Miss Mary beckoned on Gilian to come forward to the bedside. He rose from the chair he sat on in the farthest corner with his dreads and faltered over.

“What boy’s this?” said the General, looking at him with surmising eyes. “He puts me in mind of—of—of—of an old tale somewhere with a sunny day in it. Nan! Nan! Nan!—that’s the name. I knew I would come on it, for the sound of it was always like a sunny day in Portugal or Spain—He estado en Espana.”

“This is the boy, Dugald,” said Miss Mary; “this is just our Gilian.”

“I see that. I know him finely,” said the General, turning upon him a roving melancholy eye: “Jock’s recruit.... Did you get back from your walk, my young lad? I never could fathom you, but perhaps you have your parts.... Well, well... what are ye dreaming on the day?... Eh? Ha! ha! ha! Aye dreaming, that was you; you’ll be dreaming next that the lassie likes you. Mind, she jilted Jock, she jilted Colin, she jilted me; were we not the born idiots? yet still-and-on.... Sixty miles in twenty-four hours; good marching, lads, good marching, for half-starved men, and not the true heather-bred at that.”
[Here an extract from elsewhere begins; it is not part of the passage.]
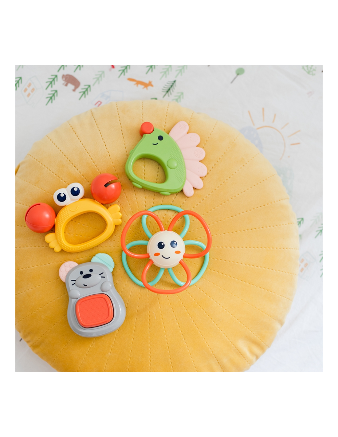 Este mordedor estimula el agarre, la coordinación mano-ojo y el juego interactivo, favoreciendo el desarrollo motor y cognitivo del bebé.

The voice was becoming weaker in every sentence, the flush was paling on the countenance. Standing by the bedside, the Cornal looked upon his brother with a most rueful visage, his face hoved up with tears.

“This beats all!” said he, and he turned and went beside the men at the window, leaving Miss Mary caressing still at the hand upon the coverlet, and with an arm about the boy.

“He was a strong, fine, wiry man in his time,” said MacGibbon, looking over his shoulder at this end of a stormy life. “I mind him at Talavera; I think he was at his very best there.”